C'est un plaisir d'essayer de te répondre.

* Félicitations ! On espère encore beaucoup de questions !   *​


----------



## KaRiNe_Fr

Bah, on s'est pas croisées souvent (j'ai compté ! ), mais j'ai souvenir d'une jeunette déjà bien douée. 
En tout cas, tu n'es certainement pas totally lost in translation !  (fallait bien que quelqu'un la fasse celle-là... )
 Une première borne, ça se fête : choisis ta boisson !


----------



## Missrapunzel

Bravo, totallylost !!
C'est vrai que ton niveau de français est super bon et on se demande parfois pourquoi tu poses des questions...


----------



## marcolo

Effectivement loin d'être "lost in translation", je découvre de nouvelles expressions anglaises (presque) à chacun de tes posts. Donc merci pour ça, j'aime bien me creuser les méninges pour répondre a tes questions 

Your french level is getting better each day, that's pretty amazing, I would like to improve my english as fast as you improve your french 

See ya


----------



## totallylost202

Je ne sais pas quoi dire.

Vous êtes tous si gentils! 

1,000 + postes et une centaine de fils, c'est bien un jalon et j'adore ce forum. 

Merci!


----------



## hunternet

I know I'm a bit late, but anyway, CONGRATULATIONS for these +1000 posts !!


----------



## wildan1

_Brava,_ totallylost ! (puisque tu sembles être à Annecy pour le moment, un peu d'italien, va !)

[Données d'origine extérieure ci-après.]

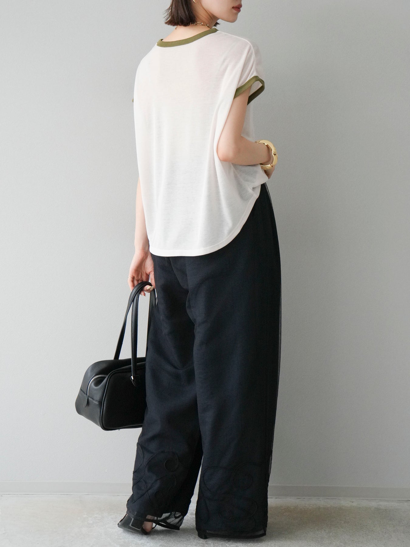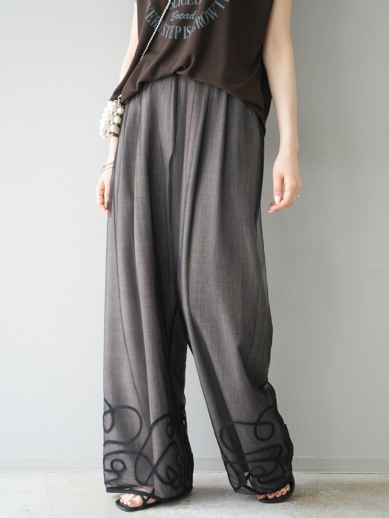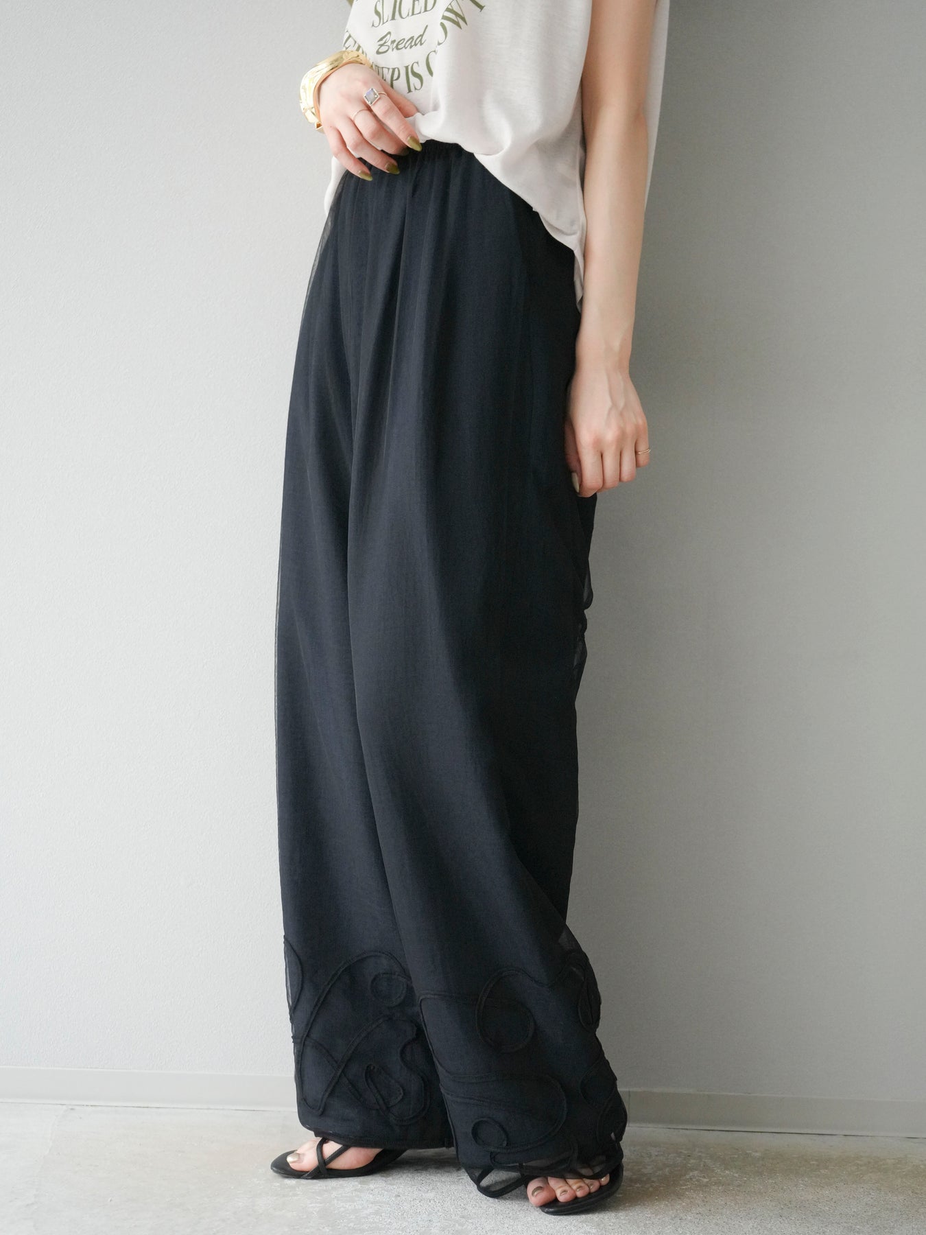 這款層疊薄紗褲的褲腳飾有醒目的立體繩繡。採用層疊精緻的薄紗材質,隨著動作輕盈飄逸,更顯女性柔美。腰部採用全鬆緊設計,帶來輕鬆舒適的穿著體驗,輪廓俐落優美。搭配簡單的下裝,即可提升整體造型,成為時尚的點睛之筆。 *除下裝和吊帶背心(內衣)外,其他商品均不含內衣。

At 18 you are learning fast--congratulations! Just try not to get stuck behind the computer too long while you are living in such a beautiful place...

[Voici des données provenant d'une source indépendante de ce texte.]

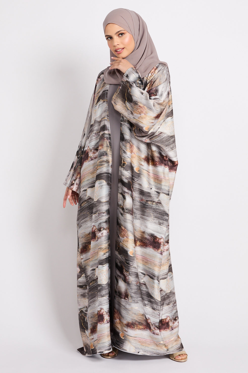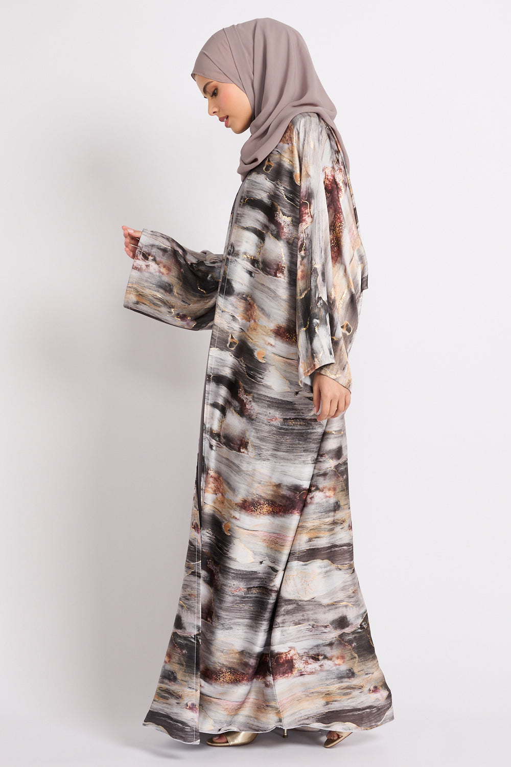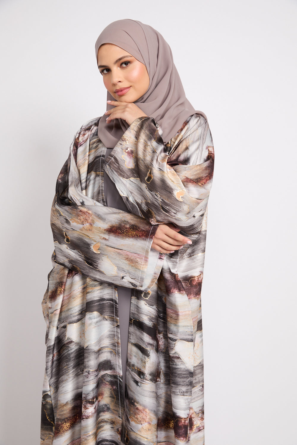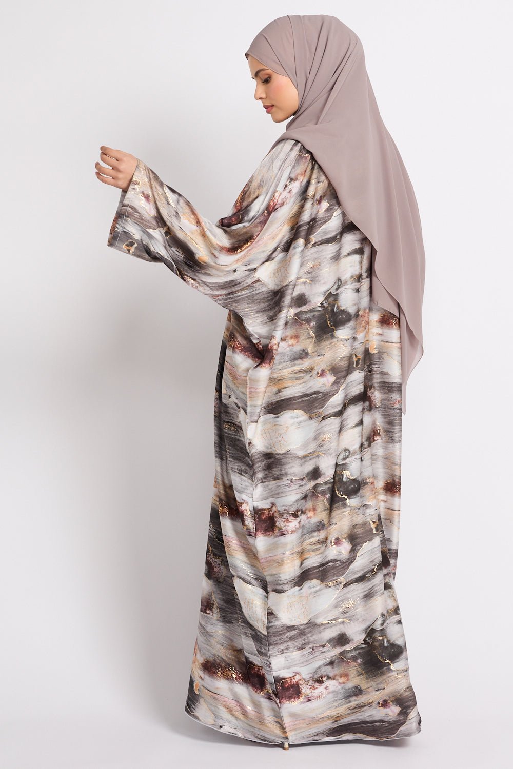 Designed with a fluid open silhouette, this abaya features an abstract, multi-tonal print that blends soft taupe with smoky greys and warm metallic accents. The interplay of light and shadow gives the piece its celestial depth, revealing new details with every step.

Cheers et bonne continuation, Bill (wildan1)


----------



## Franglais1969

Sorry I am a bit late, Hayley, but a hearty congratulations!


----------



## cropje_jnr

Voici une petite idée qui m'a traversé l'esprit - commençons tout de suite à féliciter d'avance totallylost pour ses 2000 posts !

Anyway, good to see the regulars hitting milestones. The forum is alive and well, and we're all learning. 

Congrats, and good luck for the 1000s yet to come!


----------